(Extracted material Opens)

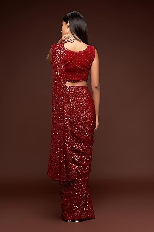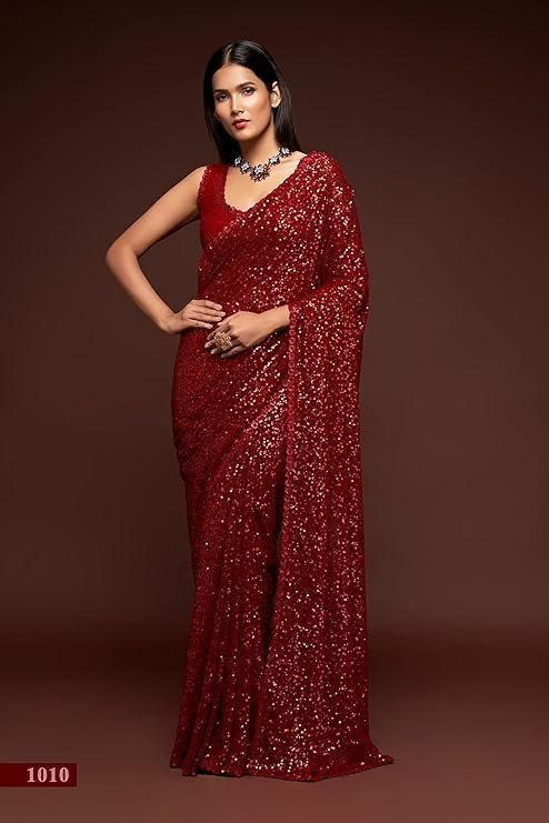 Zeel Clothing Women’s Sequins Work Heavy Georgette Saree with Blouse
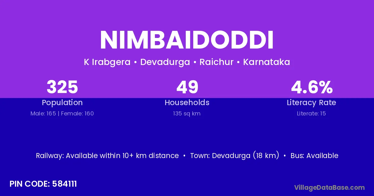 Devadurga (18 km) is the nearest town to Nimbaidoddi village for major economic activities and is located approximately 18 km away.
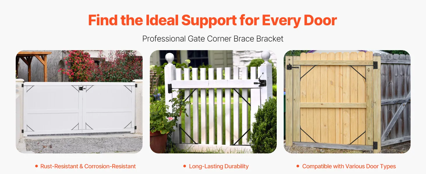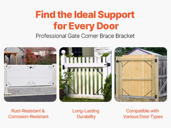 Tato kovová železná rohová výztuha brány zabraňuje prohýbání a stárnutí a je kompatibilní s 99 % typů dveří na trhu. Je odolná vůči korozi a rzi, povětrnostním vlivům, silnému dešti, sněhu a extrémním podmínkám, což zajišťuje dlouhodobé venkovní použití pro dveře všech typů a velikostí.
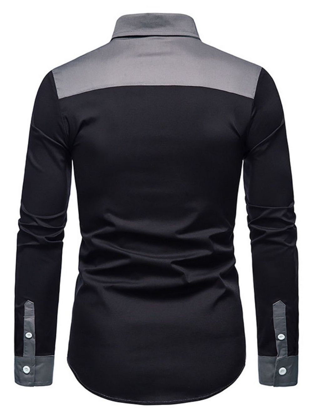 Ol Revers Kleurblok Herfst Overhemd Met Één Rij Knopen Heren
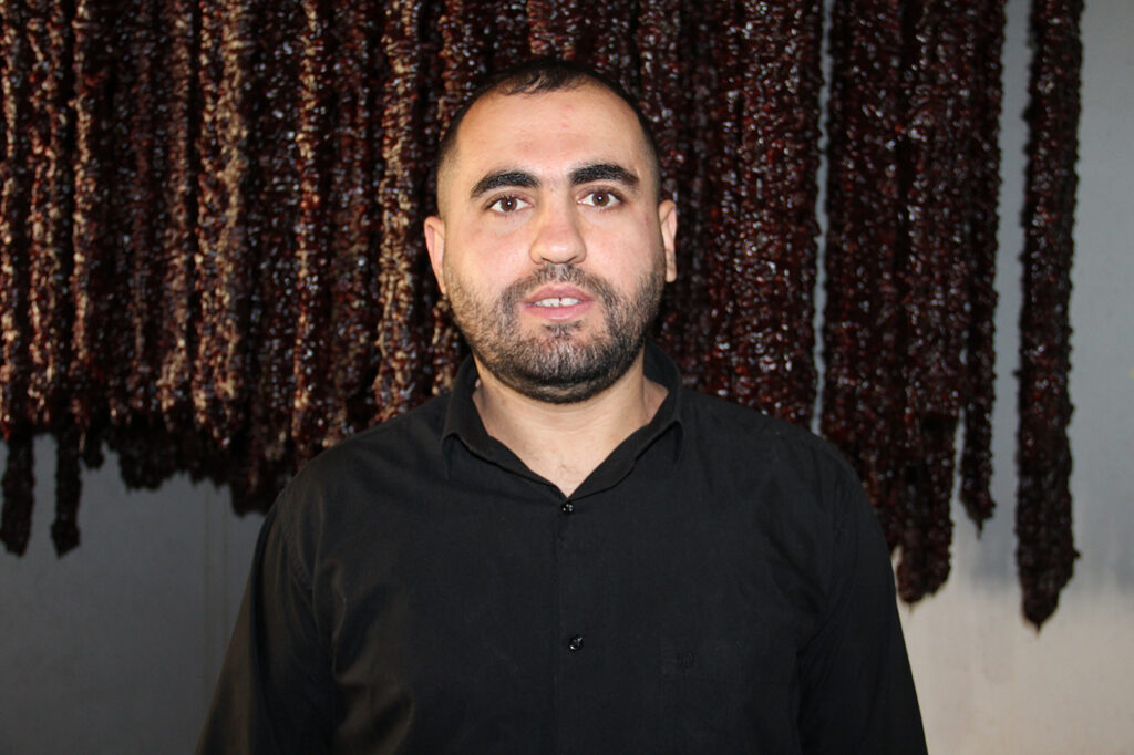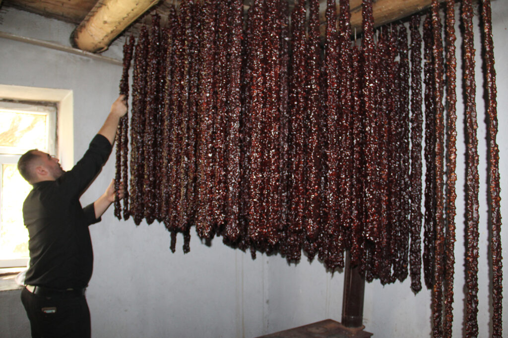 “Biz senelerdir cevizli sucuk üretimini yapıyoruz, elhamdülillah. Bu sene de iki-üç aydır başladık, bir iki-üç ay daha sürecek. Yerel malzememiz var; yerel ceviz, yerel pekmez, yerel üzüm kullanıyoruz. Orijinal balımız da var. Her zaman yerel ürünlerle, doğal şekilde yapıyoruz.”
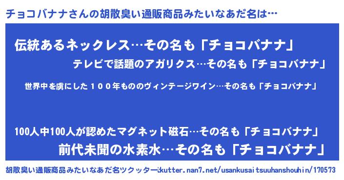 | 欧米人風あだ名 | 『ダレノガレチョコバナナ』 |

(Extracted material Closes)

*Instructions for the task*
In the answer, give only the lines from the top of the data above through the line with "Ol Revers Kleurblok", reproduced exactly; no picture may appear.

*The answer*
 Zeel Clothing Women’s Sequins Work Heavy Georgette Saree with Blouse
 Devadurga (18 km) is the nearest town to Nimbaidoddi village for major economic activities and is located approximately 18 km away.
 Tato kovová železná rohová výztuha brány zabraňuje prohýbání a stárnutí a je kompatibilní s 99 % typů dveří na trhu. Je odolná vůči korozi a rzi, povětrnostním vlivům, silnému dešti, sněhu a extrémním podmínkám, což zajišťuje dlouhodobé venkovní použití pro dveře všech typů a velikostí.
 Ol Revers Kleurblok Herfst Overhemd Met Één Rij Knopen Heren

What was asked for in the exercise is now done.